[RAW DATA]

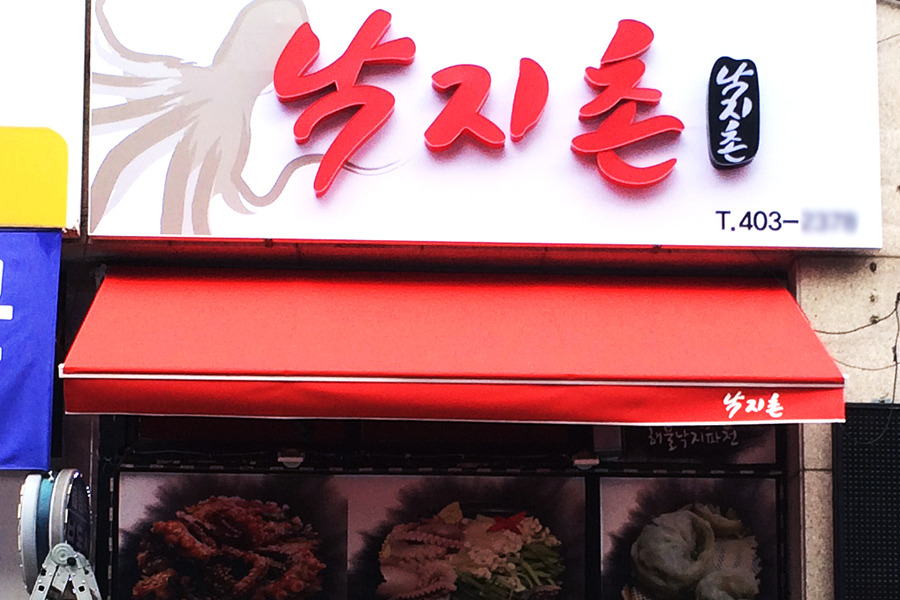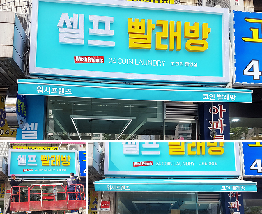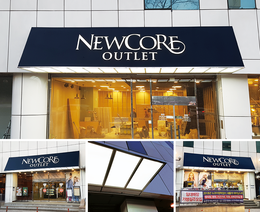 신주는 앞면 뿐만 아니라 옆면까지 금속으로 된 고급 간판입니다.
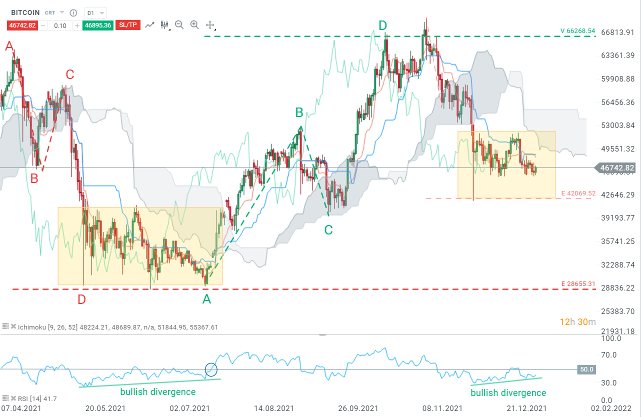 عند النظر إلى الرسم البياني اليومي مع Ichimoku، يمكننا أن نرى أوجه التشابه مع بداية صيف 2021 (المربع الأصفر الأول) - اتجاه جانبي تحت السحابة اليومية. في ذلك الوقت ، كان تقاطع السحابة بمثابة إشارة للانتعاش الصعودي الذي أدى إلى قمم جديدة. يظهر نموذج مؤشر القوة النسبية أيضًا مشابهًا ، مع تشكل تباعد صعودي. كان اختراق مستوى 50 إشارة من أنماط إيشيموكو. لذلك إذا كسر مؤشر القوة النسبية 50 ودخلت الأسعار إلى السحابة ، فقد ينذر هذا بخروج من السحابة وبالتالي إشارة شراء قد تسمح للبيتكوين بالعودة إلى أعلى مستوياتها. ومع ذلك ، لا يمكن استبعاد العودة إلى الدعم عند 42000 دولار ، ويمكن أن يؤدي اختراق هذا المستوى إلى انخفاض أعمق.
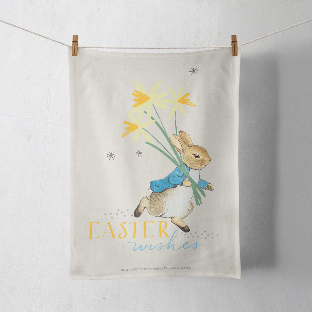 Welcome the Easter season with the delightful Easter Wishes Tea Towel from our special Easter Collection. This charming tea towel features an adorable illustration of Peter Rabbit, ready to wish you a very festive springtime! With its sweet and vibrant design, this tea towel is sure to bring some extra joy and cheer to your kitchen.
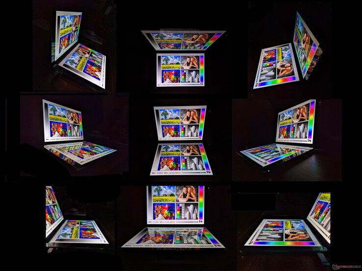 Hoewel het ontwerp van de Yoga Book 9i 2-in-1 bijzonder is, zijn de OLED-panelen dat niet. De twee Samsung ATNA33AA02 panelen op dit model zijn ook te vinden op zowel de ThinkPad Z13 G1 als de ThinkPad X1 Carbon G10, wat betekent dat alle drie deze modellen een zeer vergelijkbare beeldkwaliteit bieden. Het is nog steeds een high-end paneel met volledige DCI-P3 kleuren en perfecte zwartniveaus, maar de 60 Hz verversingssnelheid voelt beperkend aan. De Asus VivoBook Pro 14 en HP Pavilion Plus 14hebben bijvoorbeeld 90 Hz OLED opties.

[/RAW DATA]

In the data above, start at the line holding "عند النظر إلى" and stop after the line holding "Welcome the Easter"; write out those lines exactly, without pictures.

 عند النظر إلى الرسم البياني اليومي مع Ichimoku، يمكننا أن نرى أوجه التشابه مع بداية صيف 2021 (المربع الأصفر الأول) - اتجاه جانبي تحت السحابة اليومية. في ذلك الوقت ، كان تقاطع السحابة بمثابة إشارة للانتعاش الصعودي الذي أدى إلى قمم جديدة. يظهر نموذج مؤشر القوة النسبية أيضًا مشابهًا ، مع تشكل تباعد صعودي. كان اختراق مستوى 50 إشارة من أنماط إيشيموكو. لذلك إذا كسر مؤشر القوة النسبية 50 ودخلت الأسعار إلى السحابة ، فقد ينذر هذا بخروج من السحابة وبالتالي إشارة شراء قد تسمح للبيتكوين بالعودة إلى أعلى مستوياتها. ومع ذلك ، لا يمكن استبعاد العودة إلى الدعم عند 42000 دولار ، ويمكن أن يؤدي اختراق هذا المستوى إلى انخفاض أعمق.
 Welcome the Easter season with the delightful Easter Wishes Tea Towel from our special Easter Collection. This charming tea towel features an adorable illustration of Peter Rabbit, ready to wish you a very festive springtime! With its sweet and vibrant design, this tea towel is sure to bring some extra joy and cheer to your kitchen.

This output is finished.